Compulsory strike off is when Companies House takes action to dissolve and remove a company from the register. Companies House will only consider compulsory strike off if it believes that your company is not trading. Common reasons why Companies House might believe a company is not trading include:

  • the confirmation statement not being submitted on time;
  • accounts not being submitted on time;
  • the company having no directors left; and
  • letters to the company’s registered office address being returned or left unanswered.

Before starting the compulsory strike off process, Companies House will send a letter to the company’s registered office address to ask if the company is trading. If this is not answered within 14 days of being sent, a second letter will be sent to ask if the company is trading. If your company does not respond within 14 days of the date on the second letter, Companies House may place a notice on the company’s record and in the Edinburgh Gazette to state that a strike off proposal has been made. See What happens next? in the earlier section Strike off for information on objections to strike off and when the company gets dissolved.

If Companies House has started the compulsory strike off process and you want your company to be dissolved, contact us for advice.

Stopping compulsory strike off

If your company is in a proposal for compulsory strike off but you want to keep the company trading, you should contact Companies House as soon as possible. Let them know the company is trading and ask what you need to do to stop it being dissolved. Depending on why Companies House started the strike off process, you may be asked to submit further information and you may have to pay a penalty. See Useful contacts towards the end of this fact sheet.

Useful contacts

Companies House Phone: 0303 123 4500 www.gov.uk

Budget sheet for limited companies

You need to use an average figure over an appropriate period (for example 3, 6 or 12 months). To find your average 'monthly income' to input into the budget, use the example below.

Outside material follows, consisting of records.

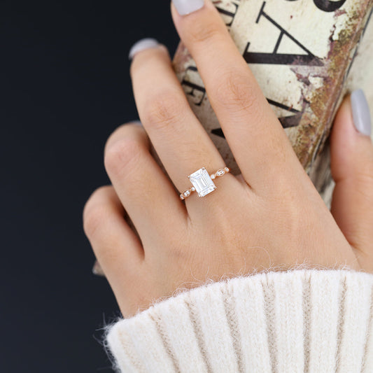 Milgrain Pave Engagement Ring Featuring 1.60 CT Emerald Moissanite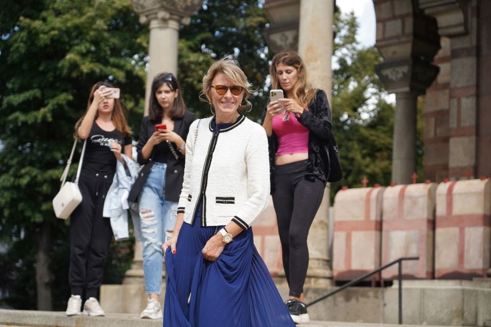 Stil Dijane Đoković ima dobro poznati Chanel vibe koji je prepoznatljiv po klasičnim kompletima od tvida ukrašenim čuvenim dugmićima i džepovima u predelu grudi.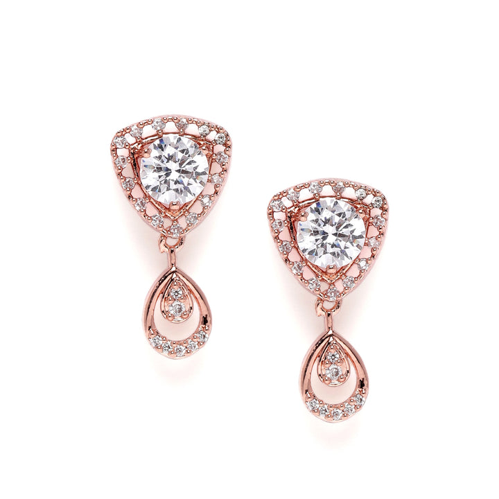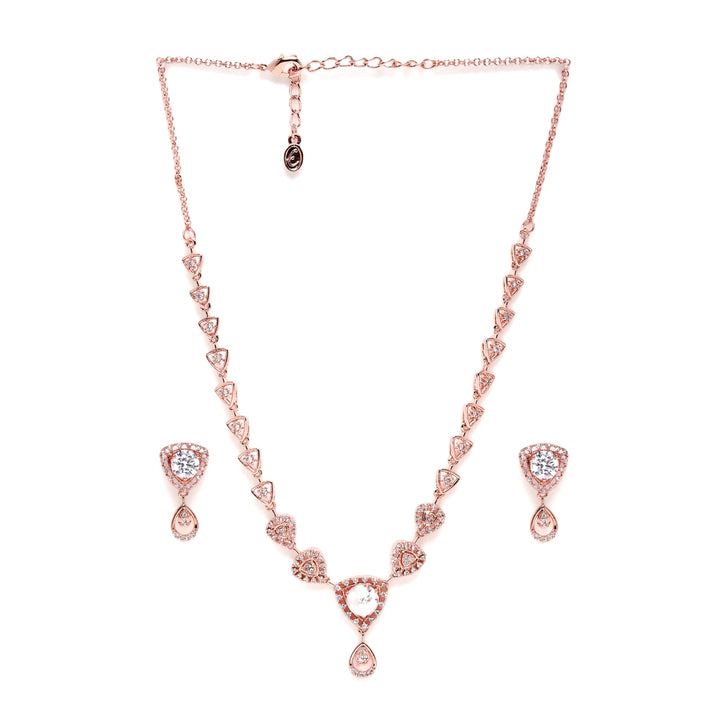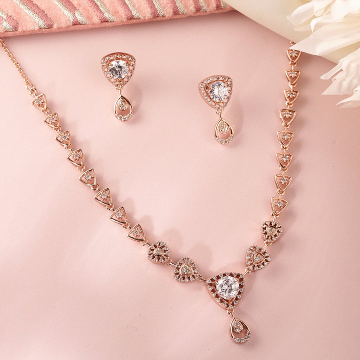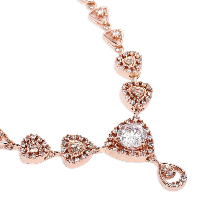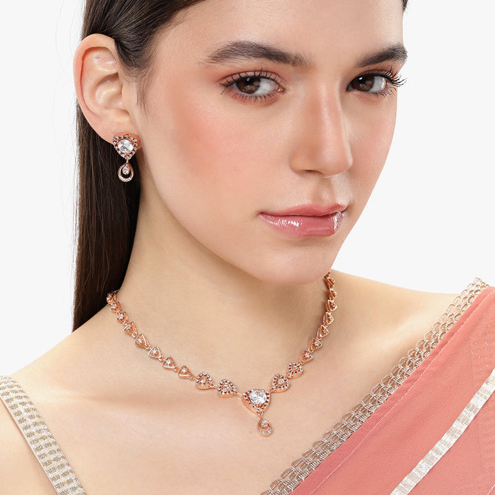Estele Crystal Blooms Exclusive Rosegold-Plated American Diamond Necklace Set for Women: Dazzling Sparkle with a Lightweight, Premium Feel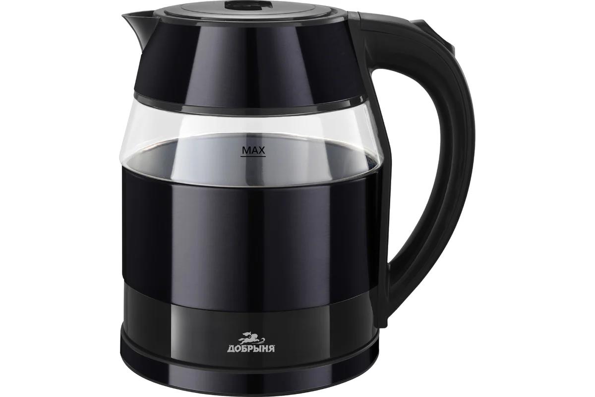 Электрический чайник Добрыня DO-1267D (1800 Вт/1,8 л /стекло, нержавеющая сталь/прозрачный, черный) - Интернет-магазин ОЛИМП: бытовая техника, электроника, товары для дома и др.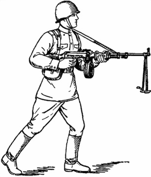 130. Для стрельбы с короткой остановки остановиться в момент постановки левой ноги на землю, одновременно принять положение для стрельбы стоя (рис. 52); левой рукой направить пулемет в цель и, прижав приклад к правому боку, произвести одну две очереди; затем продолжать движение. Кроме того, при необходимости пулеметчик принимает положение для стрельбы стоя или с колена с упором приклада в плечо, как указано в ст. 117.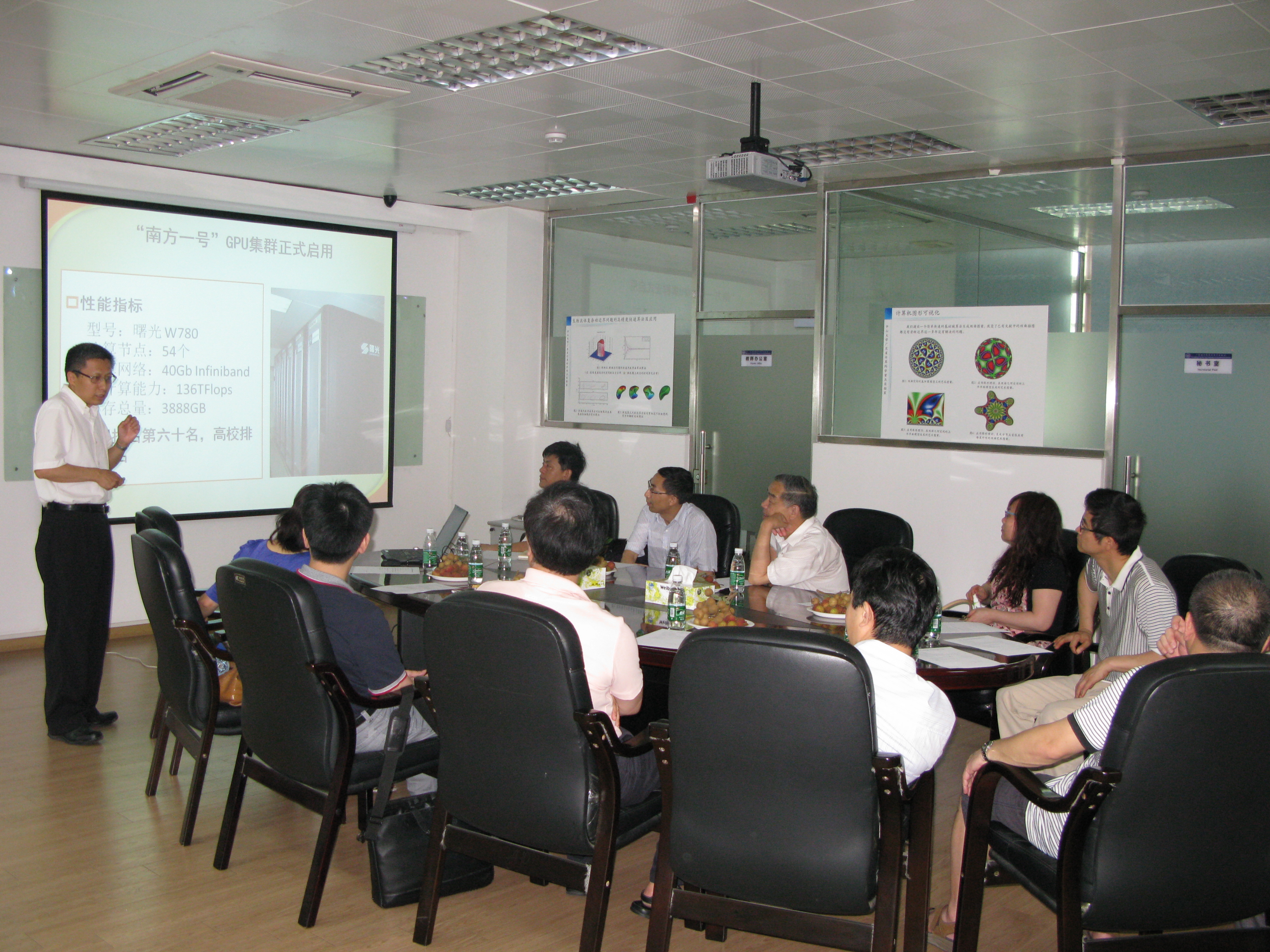 中科院石钟慈院士主持会议。实验室主任许跃生教授向学术委员会汇报了实验室2011年度工作情况。汇报了实验室一年来的两件大事:一是“南方一号”GPU集群正式启用,并服务于包括生命科学学院、海洋学院、物理科学与工程技术学院、化学与化学工程学院等在内的多个科研单位和多个学科;二是全面参与广州超级计算中心的论证、项目申报、建设。此外,还介绍了包括高性能计算、医学图像处理、信号处理、计算系统生物学、马氏决策过程等方向的研究进展,以及学术交流、人才培养、开放基金等情况。实验室下一年度工作重点将继续参与广州超级计算中心的建设,继续推进医学图像处理研究方向的S3医学图像处理研究中心的建设,该研究中心目前正在筹建,为实验室与美国雪城大学、纽约州立大学上州医科大学联合建立的国际研究中心。

  • Receipts for the last three months = £3,000
  • Divide £3,000 by 3 = £1,000
  • Average monthly amount is £1,000
INCOME
Monthly income£
COSTS
FIXED COSTS---------------
Rent£
Business rates£
Business loan£
Insurance£
UTILITIES---------------
Gas£
Electricity£
Water rates£
Telephone£
VARIABLE COSTS---------------
Stock purchases£
Bank charges£
Wages (including PAYE and National Insurance)£
Transport and motor costs£
Stationery£
Postage£
Cleaning and repairs£
VAT£
Accountant£
Professional fees£
Other£
TOTAL COSTS£
Monthly income minus total costs (A)£
Estimated monthly corporation tax (B) - See the notes below to work out this amount.£
Net monthly profit = (A) - (B)£

How to work out the amount to put aside for the estimated monthly corporation tax

  • Take away the total costs from the monthly income. Call the figure you get A.
  • Multiply A by 19%. Call the figure you get B.
  • B is the estimated monthly corporation tax amount. Put figure B in the Estimated monthly corporation tax box in the budget sheet above.